Being able to put fresh concrete where you want it when you want it, abruptly changing the length or direction of flow, is often critical in concrete pumping operations. Today, changes in flow need not be done entirely by brute strength. Good job planning and the use of modern equipment accessories can make concrete pumping operations as streamlined as those of a well-run factory. Two examples of good planning are the systematic layout of pipelines with frequent valving and the use of placing booms. These methods were used on a big job: construction of a nuclear power plant at Clinton, Illinois. The 950-megawatt plant had a large materials list, including 300,600 cubic yards of concrete, 3,175,000 square feet of forms and 4,330,000 pounds of embedded metal. These materials were used in construction of a 0.65-acre concrete slab varying from 9.67 to 14.67 feet in thickness, a containment building with walls 3 feet thick, 130 feet in diameter and 213 feet high, a concrete reactor vessel wall and other structures. In planning this job, the prime contractor realized that pumping would be the best way to place the huge volumes of concrete needed.
USE OF PLACING BOOMS
Early in the job planners concluded that separate placing booms fed by concrete pumps located outside the work areas would be ideal for placing concrete in columns and slabs of buildings other than the containment building, especially those with large area placements.

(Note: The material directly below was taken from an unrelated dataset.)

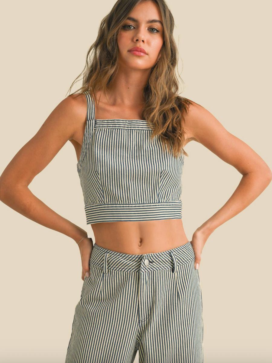 The Bailey Blue Striped Tied in Back Top combines classic stripes with a modern silhouette, featuring a flattering tie-back detail that enhances fit and style. Crafted for comfort and versatility, this top pairs effortlessly with both casual and dressier looks, making it a refined addition to your wardrobe.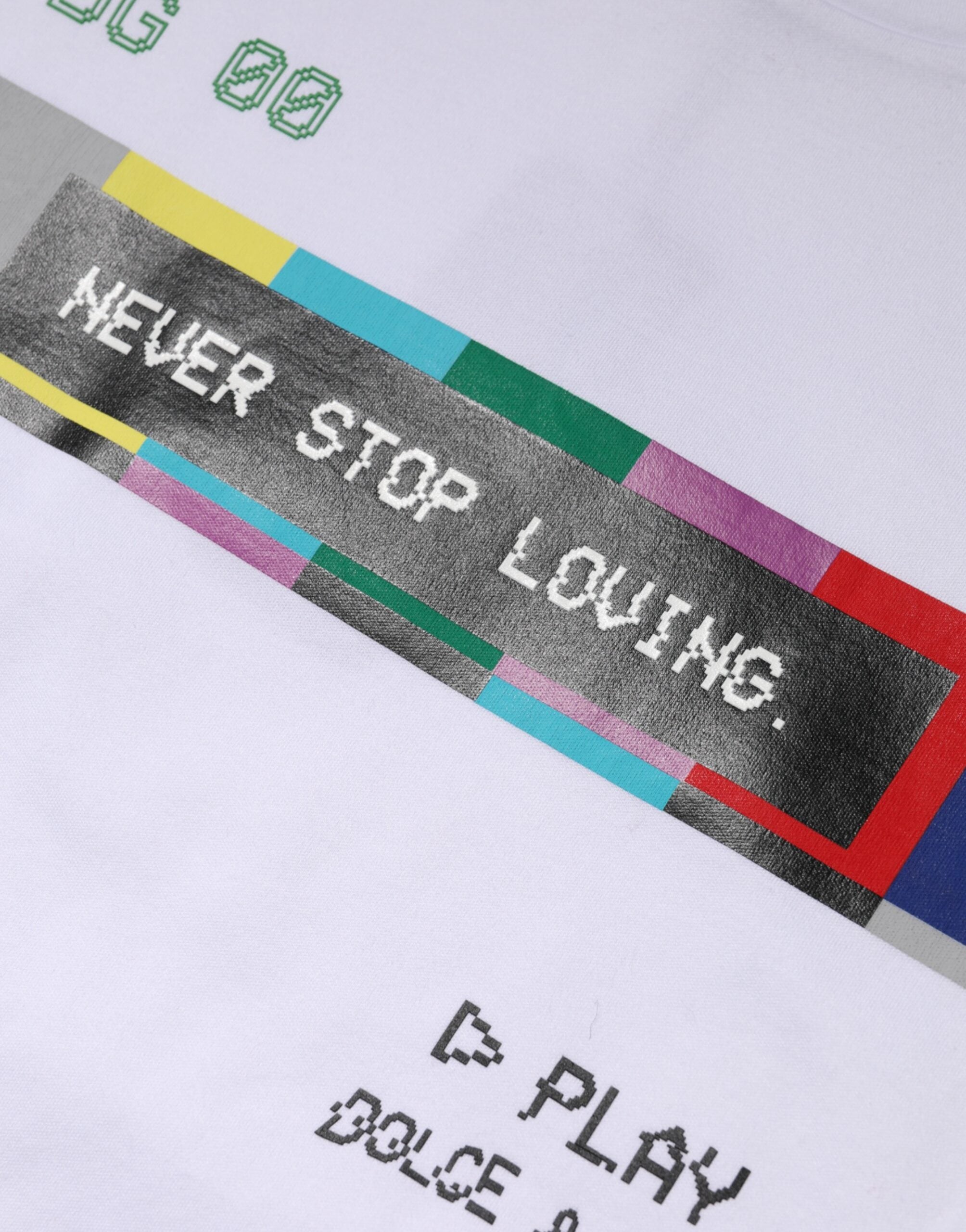 Gorgeous brand new, 100% Authentic Dolce & Gabbana crew neck t-shirt crafted from cotton with NEVER SROP LOVING PLAY DG logo print.

This method would cost less than conveyor or crane boom and bucket. Piping could be laid from a pump to a placing boom without obstructing other work. Also, a placing boom only takes two men, one at the tower control and one handling the discharge hose. Two placing booms and three boom pedestals were used on the Clinton job. While two booms were working the third pedestal could be relocated to the site of the next placement.